3) IS began to bitch and complain about how so much internal bandwidth was being wasted on people going to the site and how they obviously must not be doing any real work if they're opening their browsers so much. Uh, all of our products were either browser based activex for the intranet products, or web based. Brilliant.
It worked well.
Re:COOL! (Score:1, Funny)
Re:Boast? (Score:5, Funny)
Production before beta! (Score:5, Funny)
When I met him, he was visibly nervous, and I figured it was just the usual interview stress plus he had just flown in a snowstorm. As we were trying to get out of there ourselves (it turned out to be a *huge* snowstorm), we got down to business, and I asked him a couple of difficult VB questions that would have been winners if he could answer. Well, he couldn't.
Okay, so ask a few easier questions. Nada. I drop it down to *extremely* easy questions (max value of int in VB3, how to do arrays, etc.). Zip. My partner asked a *very* simple sql question ("how do you update a table?") and he came up blank.

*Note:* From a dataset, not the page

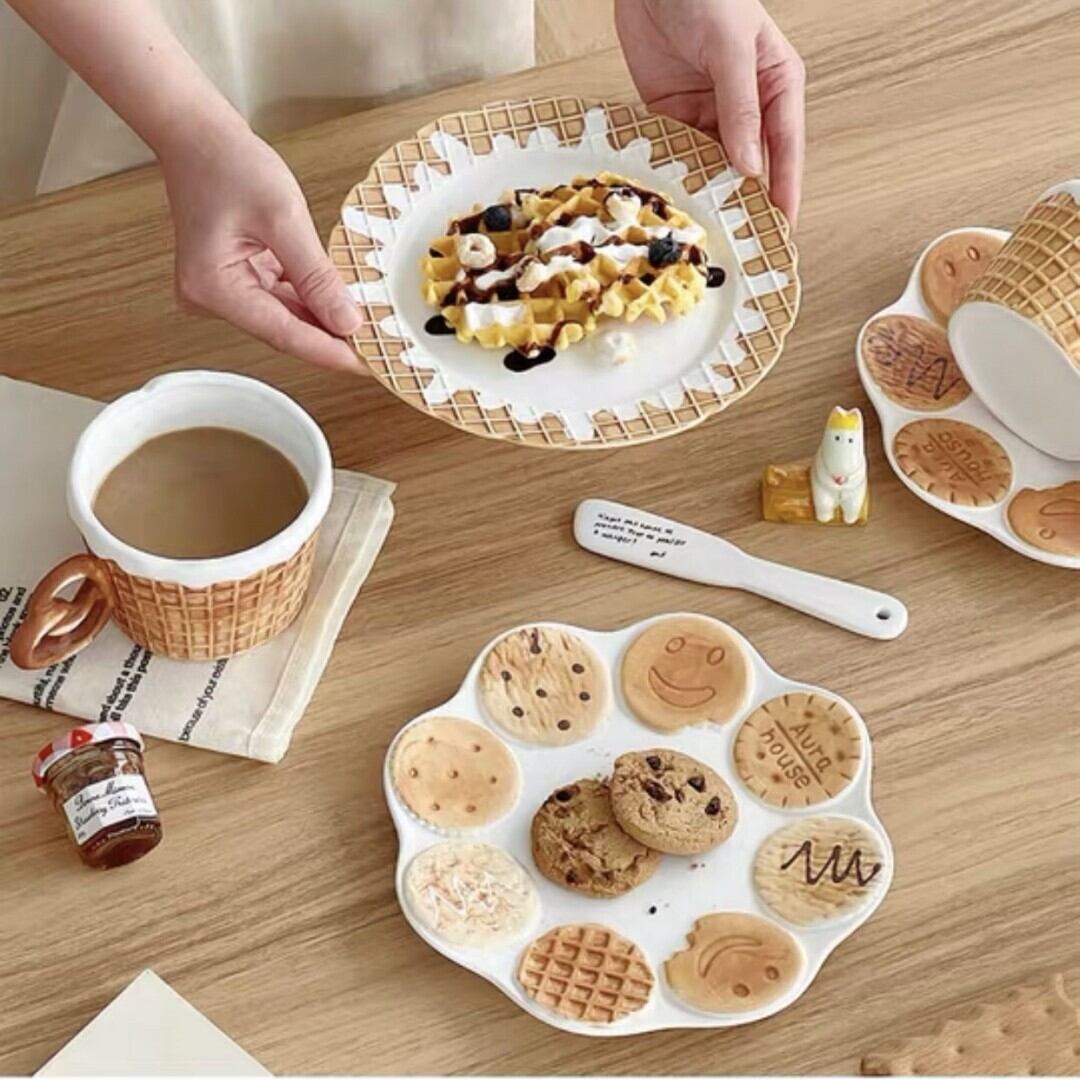 ★送料無料★コーヒー&紅茶兼用 韓国風マグカップ&プレートセット マグカップ カップ レトロ 韓国雑貨 北欧風

Now I'm starting to really *read* his resume, instead of skimming it, and I came upon this little gem: He had put into production some huge program written in VB 4 back in 1995 (not a typo, as it also mentioned being 32-bit). I excused myself for a second, got my beta copy of VB 4 dated 1996 and returned. I dropped the disc on the table and said, in effect, that he had lied on his resume, that there was no way he could have done this and here's the proof.
He was silent and said "Please don't make me go back to Iowa." I then was able to use the famous bartender line of "Well, you don't have to go home, but you can't stay here."
That was the only person I've ever interviewed that had to be escorted out by security.
Re: Boast? (Score:4, Funny)
Re:Excessive uptime on Windows 95 (Score:3, Funny)
Where do I start ? (Score:3, Funny)
"I've done lots of network programming" (meant that the compiler was installed on his PC's hard disk but the source code files were on a shared drive, so everytime he compiled he thought he was doing network programming)
"When you write data to a socket, TCP/IP guarantees the data will be delivered" (hmmm, and they were going to write a global trading system that's now done over $20 trillion of trades).
"We've written the most sophisticated database in existence and so you can't see the source because you'd steal our secrets" (turns out they didn't know what indices were, the whole thing had no indices on any table, and the code was crap, oh, and it was Access 2)
"Our encryption is unbreakable" (data was encoded using the string OVER_THE_TOP_ENCRYPTION which was present as plaintext in the EXE - was later changed to CUSTARDCREAMS, still present as plaintext)
"The performance test of this software running on a 4-CPU Sun machine on a 100BaseT network was invalidated because we detected a rogue packet on the network (was actually a single UDP broadcast packet of about 800 bytes every 15 minutes) and that was chewing up all the cpu time as the network stack thrashed trying to decide what to do with the data because no program was listening to that port" (that from the networking expert of the consultancy department of a global carrier)
"The smartest programmer in the world who we were going to lend you to replace 50 of your crap guys - he won't be coming over because he refuses to fly over water and we've just explained that New York is an ocean away from London" (seems he didn't know that)
"I'm such a great programmer that the code I've written here is unreadable by anyone except me - in fact if you looked at it you'd probably think it's shit code, but in fact it's just that I'm so smart" (erm, well, it was shit, and it didn't work)
Oh there are loads more, but just typing those in has made me depressed.